**THE TASK:** Starting from the line with "페이스북 tuney.kr/LeYN1 |" and going up to and including the line with "On the first", copy the listing below exactly. Leave all images out.

**DATA PROVIDED:**
*** Begin section ***
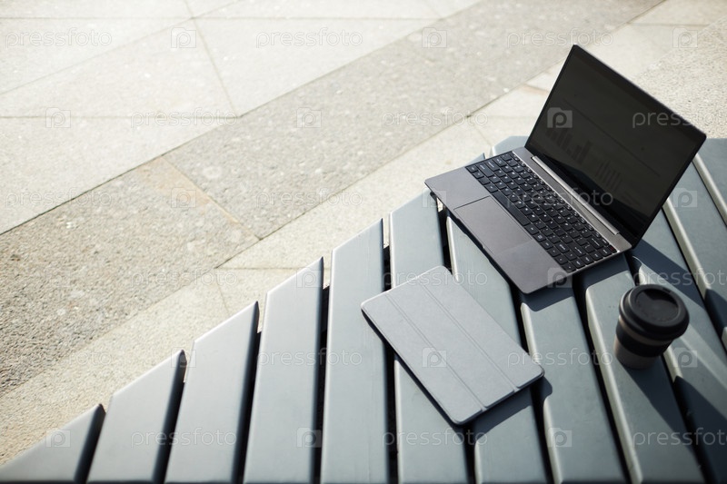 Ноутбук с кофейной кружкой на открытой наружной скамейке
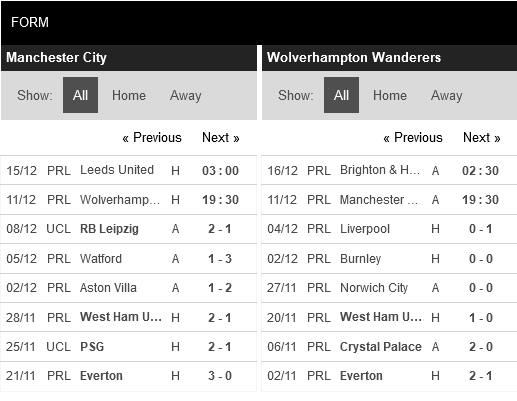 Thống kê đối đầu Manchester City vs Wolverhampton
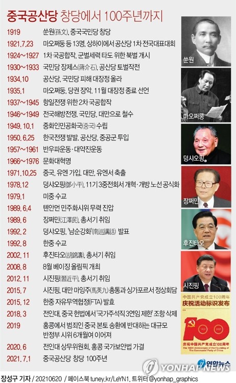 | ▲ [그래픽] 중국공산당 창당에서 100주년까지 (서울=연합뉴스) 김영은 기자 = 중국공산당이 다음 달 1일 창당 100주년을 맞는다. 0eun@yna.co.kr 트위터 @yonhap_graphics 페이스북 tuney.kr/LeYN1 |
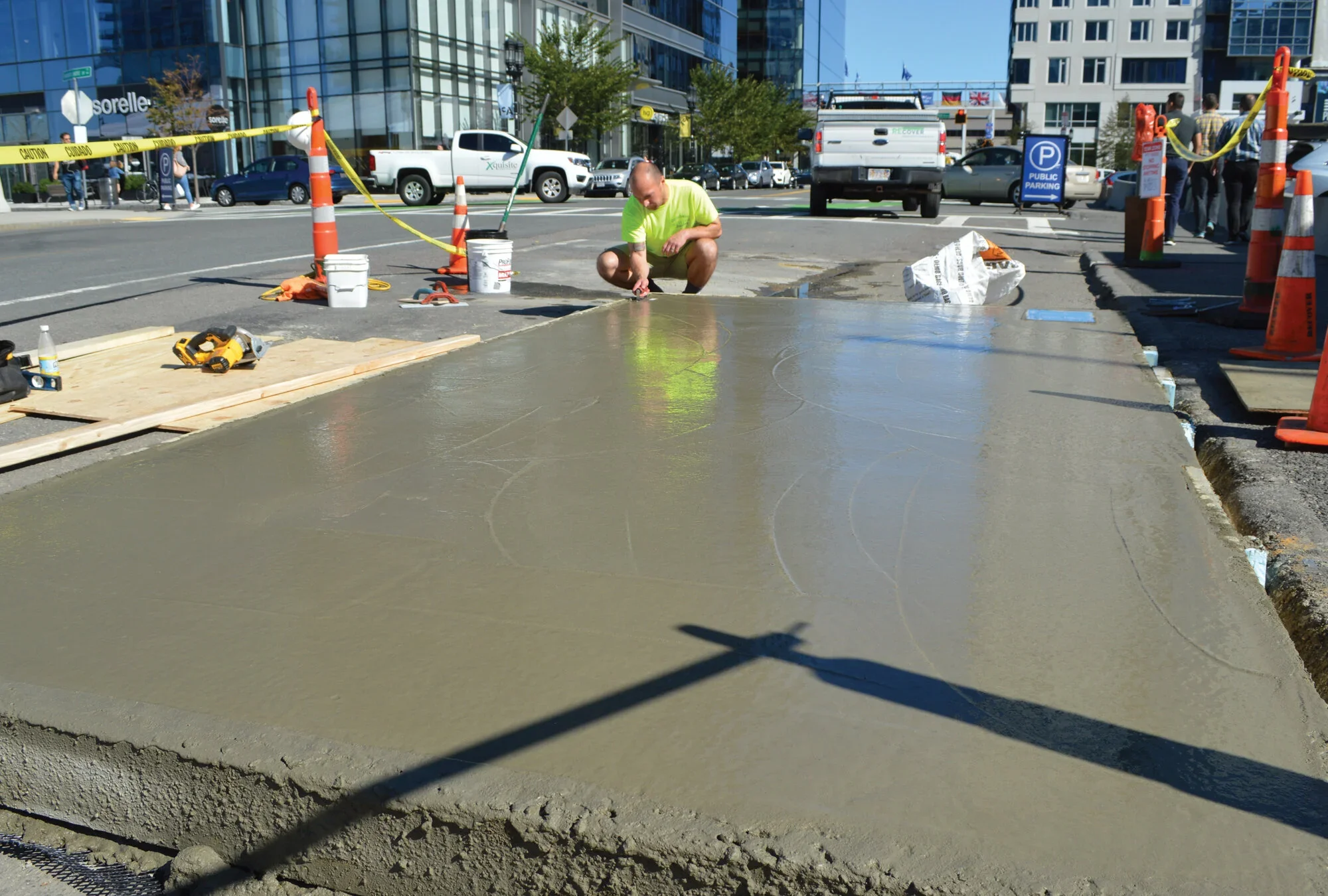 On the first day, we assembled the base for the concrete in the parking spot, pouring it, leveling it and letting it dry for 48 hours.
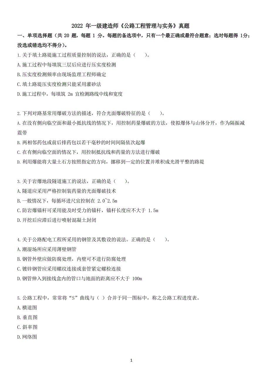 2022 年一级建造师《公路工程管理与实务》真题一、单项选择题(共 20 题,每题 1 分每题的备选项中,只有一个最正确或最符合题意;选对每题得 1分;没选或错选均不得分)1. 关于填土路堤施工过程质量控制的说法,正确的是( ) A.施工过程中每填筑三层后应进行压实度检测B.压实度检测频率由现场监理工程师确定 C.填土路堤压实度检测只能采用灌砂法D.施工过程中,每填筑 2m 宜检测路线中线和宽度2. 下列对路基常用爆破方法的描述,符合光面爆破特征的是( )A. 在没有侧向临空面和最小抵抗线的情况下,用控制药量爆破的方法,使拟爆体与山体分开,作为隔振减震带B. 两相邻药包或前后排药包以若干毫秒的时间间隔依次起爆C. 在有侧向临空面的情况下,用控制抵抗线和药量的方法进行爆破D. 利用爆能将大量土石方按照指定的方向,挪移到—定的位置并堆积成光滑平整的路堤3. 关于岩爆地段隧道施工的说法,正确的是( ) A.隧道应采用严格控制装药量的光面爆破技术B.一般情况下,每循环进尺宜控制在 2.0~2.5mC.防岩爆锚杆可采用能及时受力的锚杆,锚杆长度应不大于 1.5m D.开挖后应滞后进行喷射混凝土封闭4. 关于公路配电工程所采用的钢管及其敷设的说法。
*** End section ***
*** Begin section ***
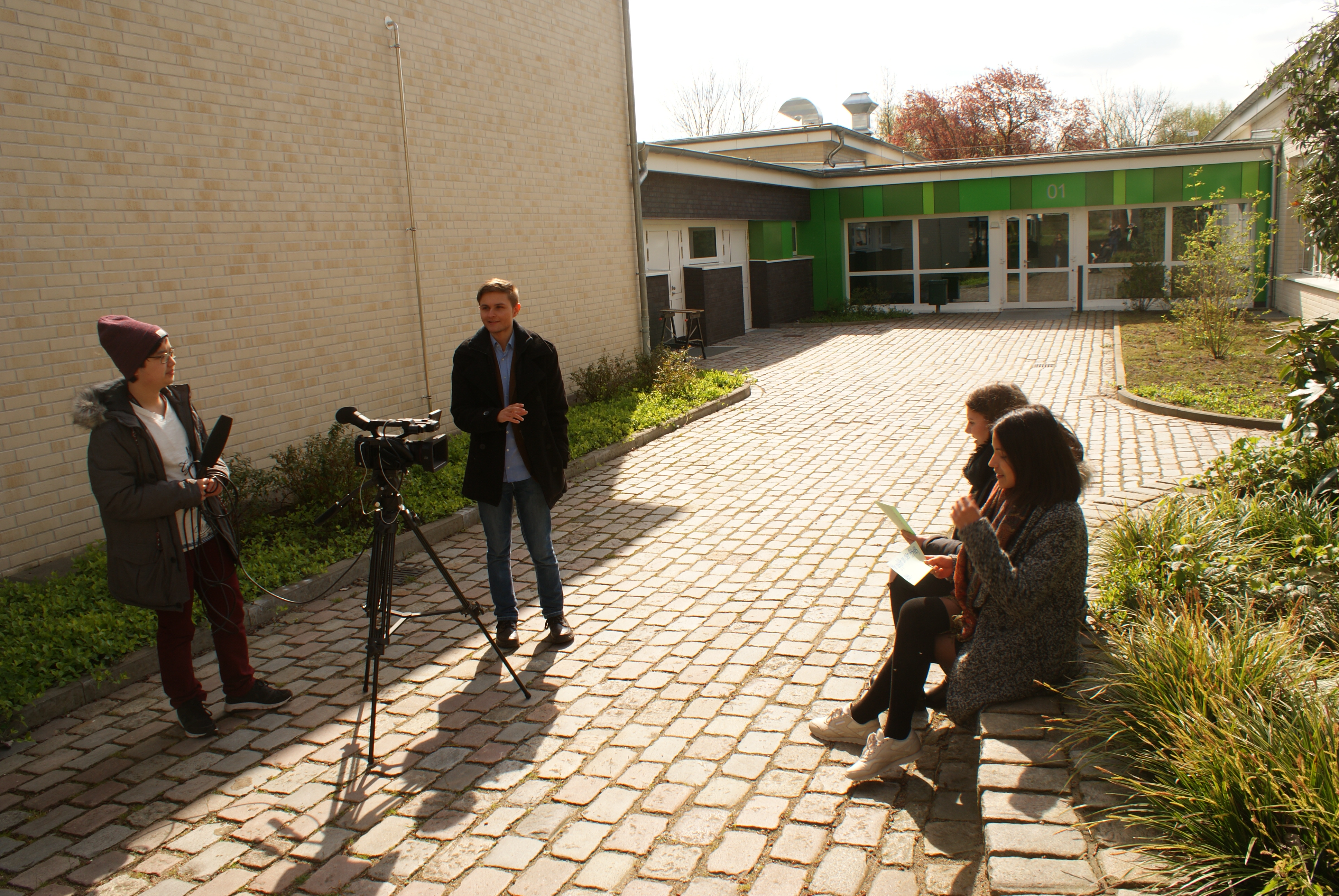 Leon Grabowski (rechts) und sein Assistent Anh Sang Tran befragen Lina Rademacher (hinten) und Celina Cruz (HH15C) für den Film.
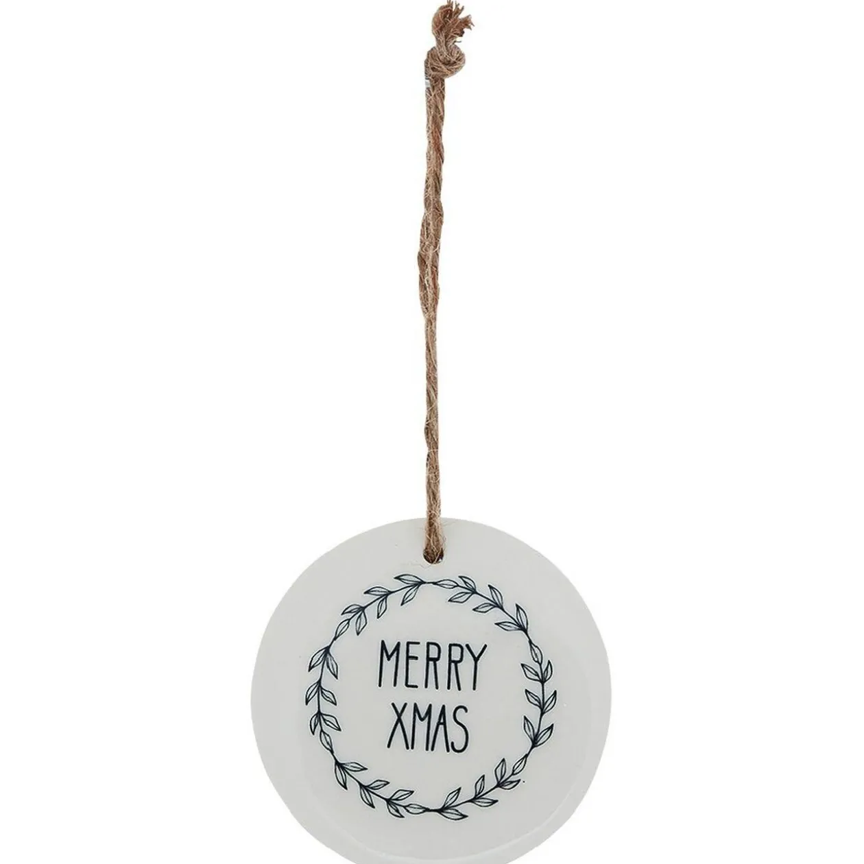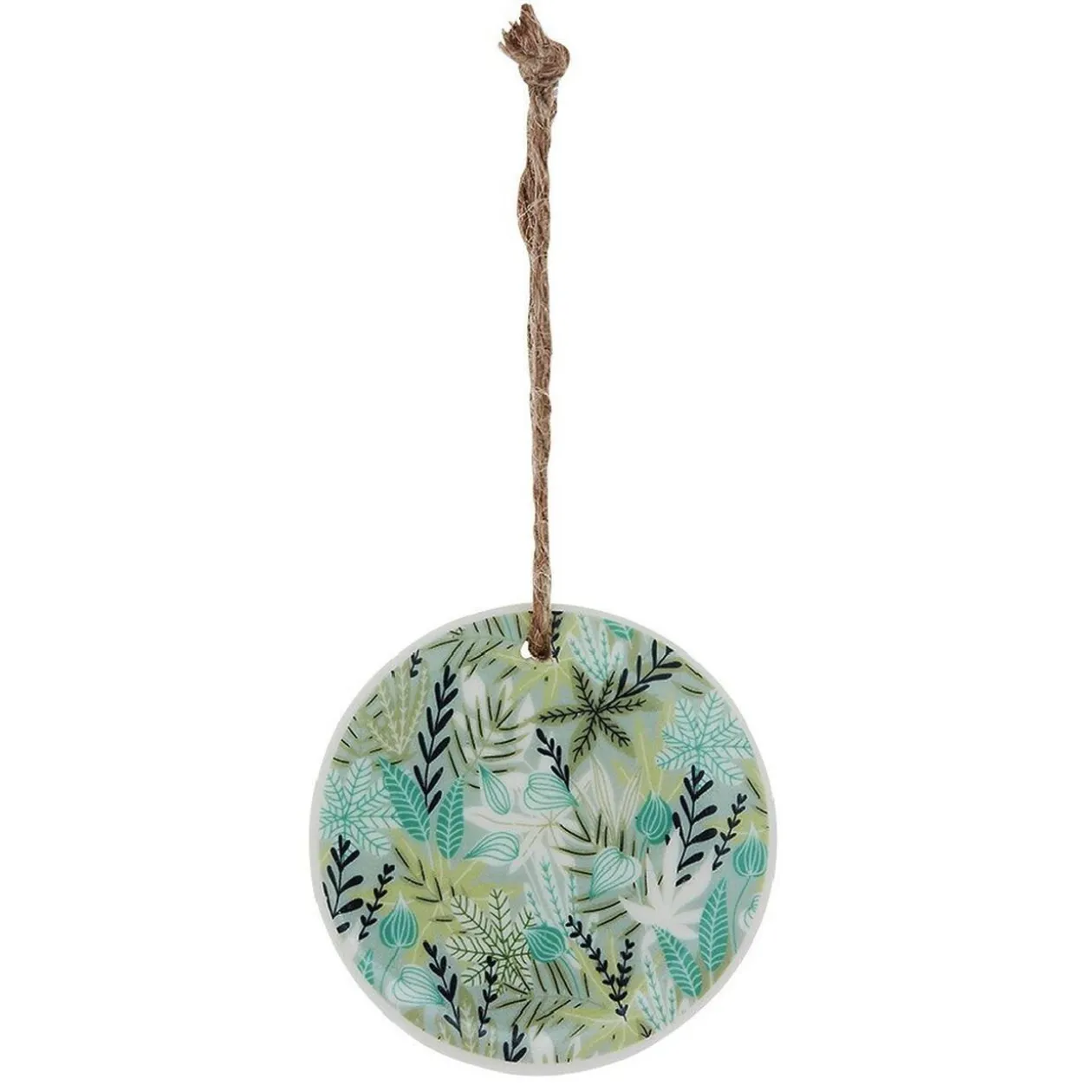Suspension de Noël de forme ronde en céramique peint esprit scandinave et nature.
*** End section ***
**RESPONSE TO THIS TASK:**
 | ▲ [그래픽] 중국공산당 창당에서 100주년까지 (서울=연합뉴스) 김영은 기자 = 중국공산당이 다음 달 1일 창당 100주년을 맞는다. 0eun@yna.co.kr 트위터 @yonhap_graphics 페이스북 tuney.kr/LeYN1 |
 On the first day, we assembled the base for the concrete in the parking spot, pouring it, leveling it and letting it dry for 48 hours.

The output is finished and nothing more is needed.